From the frenetic handheld camera work and overlapping tense dialogue to the claustrophobic setting, “Baba” unfolds mostly in a state of disorder. The direction by Chirkova and Ismailsoy finds strength in beginning the story at a place where tension has already risen and you find yourself in the thick of it. Given the tensity, it is an unexpected surprise how “Baba” ends with such peacefulness. The film’s strong use of a close-up stresses a poignant moment for the protagonist; it’s a well-earned window to his emotional vulnerability, which Zavosh plays very well. Aligned with the direction and screenplay, the acting showcases strong commitment to making a day-in-the-life story feel as realistic as possible.

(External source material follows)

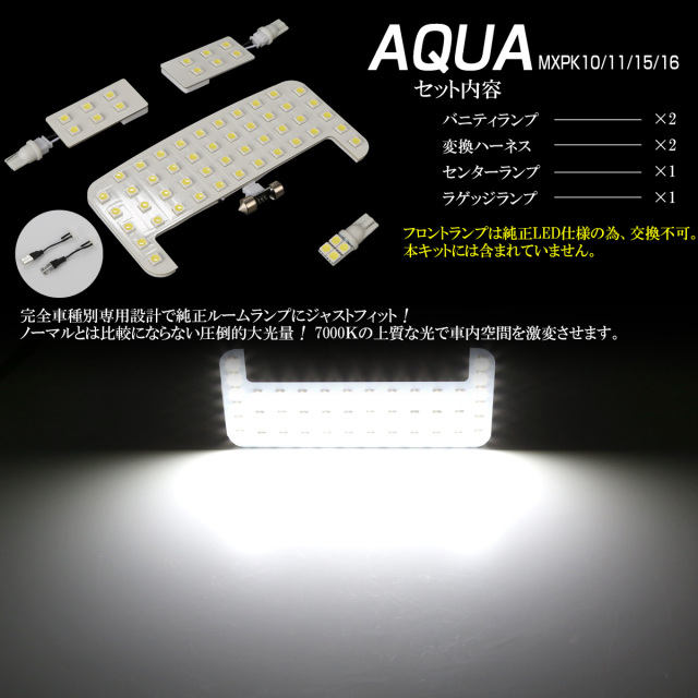 LED ルームランプ MXPK10 11 15 16 アクア PK10系 専用設計 4点セット 純白光 7000K ホワイト R-497 【メール便可】

Ellie Moon stars as “Rosy” in director Karen Knox’s ADULT ADOPTION, a levelFILM release.
Credit : levelFILM
Director Karen Knox and actor-writer Ellie Moon make a charming collaborative team in the absurdist comedy “Adult Adoption.” Set in contemporary Toronto, the film follows Rosy (Ellie Moon), who has aged out of foster care and is now working as a bank teller. She has a solid job, but is living a life that does not feel personal to her. Rosy seeks to make sense of the world around her, to find a semblance of purpose and to fill the void felt from growing up without parental figures. One day her coworker Helen (Leah Doz) brings up the idea of meeting prospective parents, an idea to which Rosy immediately warms to. Through an online service, Rosy decides to connect with older adults who are in search of adult surrogate children. The journey of familial love introduces her to “dates” with various parental-like figures who have the potential of stepping into a guardian role, but they are figuring things out just like Rosy is. Karen Knox brings an off-center sensibility to her direction, which complements the protagonist’s awkward path of self-discovery. The zany storytelling accentuates the ridiculousness of assuming anyone has the answers to all of life’s mysteries.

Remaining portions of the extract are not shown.